By Steve O’Brien

Published: Wednesday, 15 June 2022 at 12:00 am


Until the last few weeks, Beep the Meep was a name known only to the most hardcore of Doctor Who fans. A character first witnessed in the pages of the nascent Doctor Who Weekly in 1980, he w​​as, at first glance anyway, a furry, eyelash-fluttering ball of heart-melting cuteness.

It was only later in that story – penned by the writing duo that created Judge Dredd, Pat Mills and John Wagner (and drawn, fact fans, by future Watchmen artist Dave Gibbons) – that we discovered that Beep wasn’t quite the adorable saucer-eyed critter that we thought he was, instead being a merciless, gun-toting killer on the run from the Wrarth Warriors.

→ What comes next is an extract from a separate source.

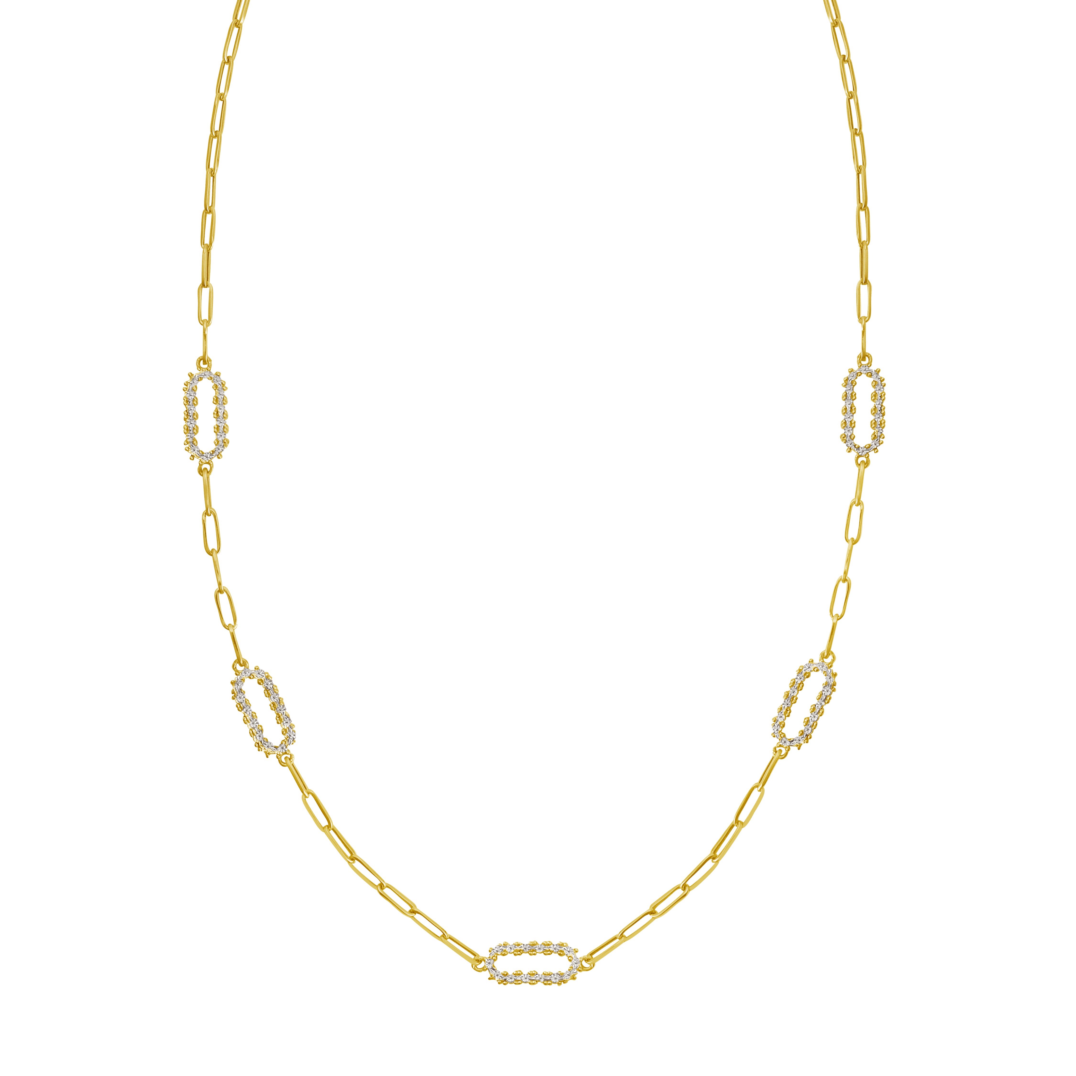 14K Yellow Gold Polished & Diamond Cut Paperclip Link Diamon'Oro Necklace with Lobster Clasp

So why are we suddenly talking about Beep the Meep and that strip, ‘The Star Beast’, all these years later? Well, it’s because something looking very like it has been recently spotted in Cardiff, leading to fevered talk that the currently lensing David Tennant episode (or episodes) may be some kind of adaptation of that comic strip classic.

What gives some weight to this theory is that aliens that look somewhat like the Wrarth Warriors (a sort of biologically constructed police force bred specifically to deal with the dreaded Meeps) have been papped clomping down a residential road in Cardiff.

In the original story, Beep crash lands on Earth and is befriended by two school kids, Sharon and Fudge, before the Doctor, in the shape of Tom Baker, turns up. Could this Russell T Davies-penned episode be substituting Sharon and Fudge for the Noble clan and could it be David Tennant’s Doctor who will be facing off against this homicidal furball?

This, of course, is all highly speculative. Nothing’s been confirmed by Bad Wolf or the Beeb, and the presence of UNIT troops and various armoured vehicles suggest that, even if that **is** Beep the Meep and those **are** Wrarth Warriors, this isn’t likely to be a panel by panel, speech bubble by speech bubble adaptation (UNIT wasn’t anywhere to be seen in the original ‘Star Beast’).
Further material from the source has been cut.